US’s “fight and talk” strategy in trade war with China

Wednesday, 2018-09-19 16:14:24
 Font Size:     |        Print
 

US President Trump's announcement of new tariffs on US$200 billion worth of Chinese goods has escalated the trade war between the world's two largest economies. (Photo: Reuters)
 Font Size:     |  

NDO – The trade war between the United States and China has been escalated to a new level after US President Donald Trump announced plans for tariffs on US$200 billion worth of Chinese imports. The move came just days after the White House announced it had invited Chinese partners to join a new round of trade talks.

According to Trump’s statement, the next wave of tariffs, which are scheduled to take effect on September 24, will start at 10% before climbing to 25% in January 2019. Along with the abovementioned “punch”, the White House accused Beijing of a series of unfair actions involving US intellectual property and technology. A reserve “attack” has also been prepared by the US side for the trade war with China as President Trump warned of immediately placing tariffs on another US$267 billion worth of imports if China takes retaliatory action against the US.

The US’s imposition of new levies on Chinese goods took place just days after the White House said US Treasury Secretary Steven Mnuchin and his associates had invited Chinese partners, including Vice Premier Liu He, to join a fresh round of trade talks. Accordingly, the meeting may take place in Washington or Beijing in the coming weeks, aiming to resolve concerns and disagreements between the two sides. Just last week the Chinese Foreign Ministry applauded the US proposal to hold a new round of trade talks.

However, Trump’s decision to impose tariffs on US$200 billion worth of Chinese commodities this week has thrown cold water on the outlook for the trade talks between the two largest economies in the world. .

Earlier, it was said that China might refuse to participate in new trade talks if Washington continues to impose additional taxes on Beijing’s goods. Meanwhile, some Chinese businesses have called on the country’s leaders to impose restrictions on the sale of equipment and items that US firms need, while using “export restrictions” to threaten the US supply chain.

Chinese officials have criticised the US’s tax increases on Chinese goods. At a meeting with representatives of foreign companies in China on September 18, Chinese Minister of Commerce, Zhong Shan, said that Washington’s unilateralism and protectionism would affect the interests of both the US and China, as well as damaging the global economy. On the same day, Fang Xinghai, vice chairman of the China Securities Regulatory Commission (CSRC), said at a conference in Tianjin that the US’s trade actions against China will not work as China has ample fiscal and monetary policy tools to cope with the impacts. Meanwhile, on the morning of September 18, China’s Vice Premier Liu He called a meeting to discuss the government’s response to the US’s decision to impose additional tariffs. According to a spokesman for the Chinese Ministry of Commerce, Beijing’s retaliatory tariff measures will be announced immediately on September 24.

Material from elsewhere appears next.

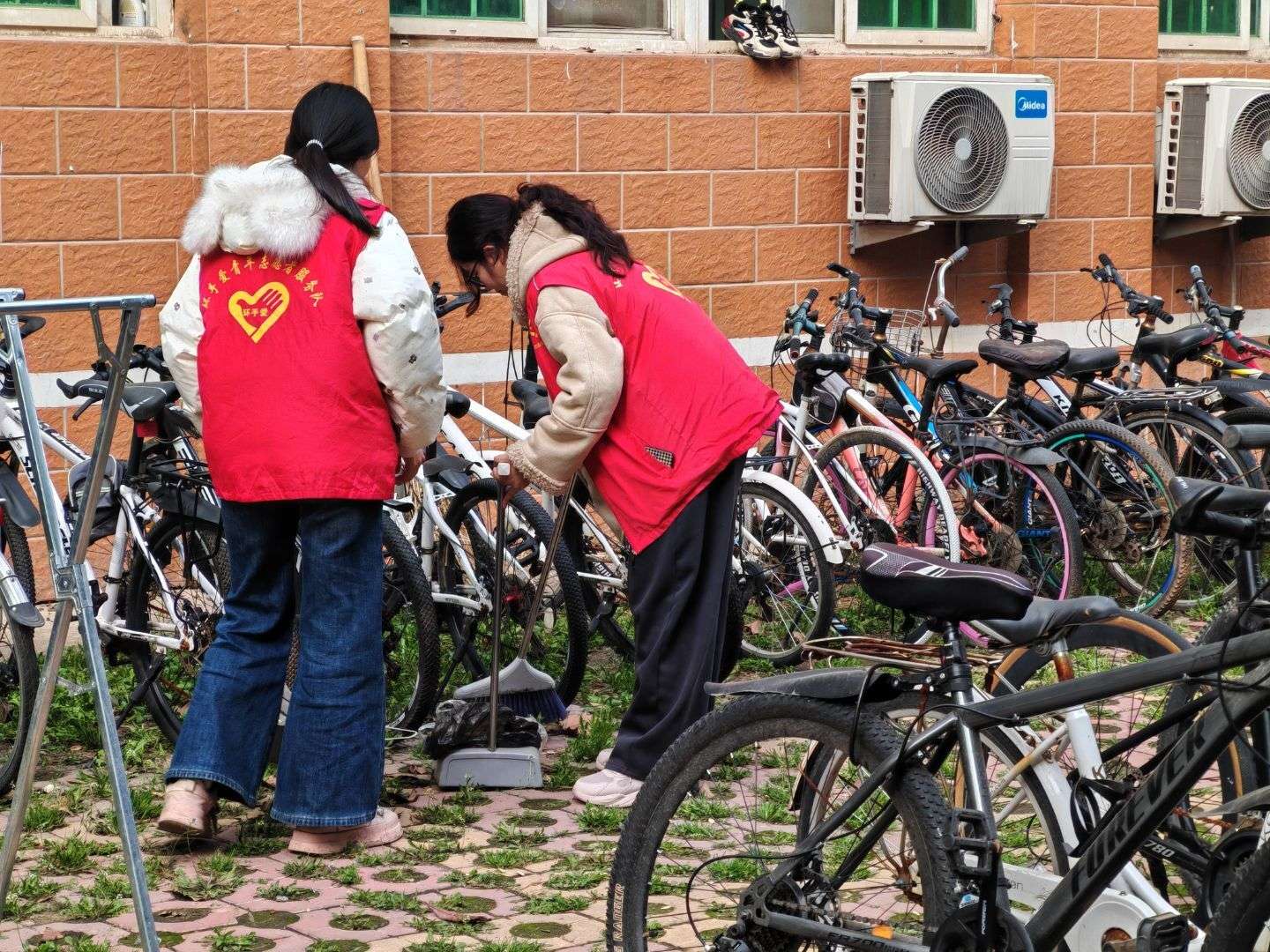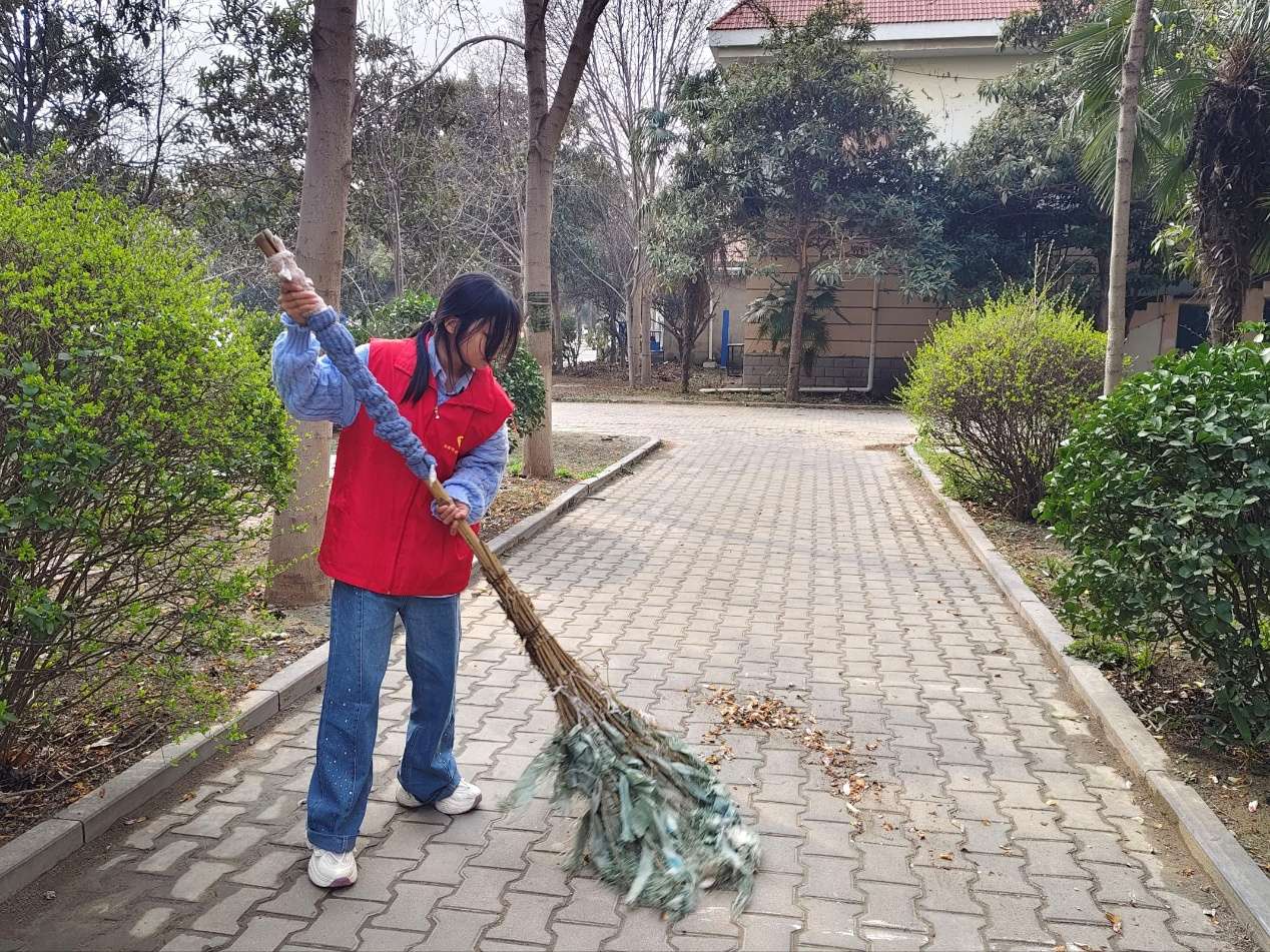 规范停车秩序 守护校园整洁——文法学院环手爱青年志愿者服务队开展规范停车活动 为弘扬“奉献、友爱、互助、进步”的志愿精神,深入践行雷锋精神,扎实推进文明校园创建工作,营造安全有序、整洁优美的校园环境,河南牧业经济学院文法学院环手爱青年志愿者服务队3月12日至3月19日,开展为期一周的校园规范停车志愿服务活动。 活动启动后,12名志愿者在指定地点集结完毕,明确分工、协同配合,携带扫帚、簸箕等工具前往学生宿舍区。志愿者聚焦宿舍区车辆停放混乱、周边环境卫生薄弱等问题,开展集中整治与清洁工作。大家对宿舍楼前公共区域进行全面清扫,细致清理地面纸屑、落叶及各类杂物;针对自行车乱停乱放、歪斜倒地等现象,逐一扶正车辆、规范排列,将零散车辆有序归位至指定停车区域。经过志愿者们的共同努力,8号楼、17号宿舍楼前停车区域车辆摆放整齐划一,地面环境干净清爽,切实保障了同学们通行安全与道路畅通,校园面貌焕然一新。

As for the US side, there is no indication that the Washington administration will change its stance on Beijing, because the US has stated its belief that it hold a position of advantage in the trade war with China. Writing on his Twitter, US President Donald Trump said that the US was under no pressure to reach an agreement with China and that Washington would soon collect billions of dollars in taxes and from manufacturing domestic products.

The latest moves in the US-China trade war have shown that the US has made thorough calculations and is applying a strategy of “both fighting and talking” in the trade war with China. As Washington’s tough stance remains unchanged, a new round of trade talks between the two sides is unlikely to take place this month, and even if it gets underway, it will not be able to cool down the trade war between Washington and Beijing.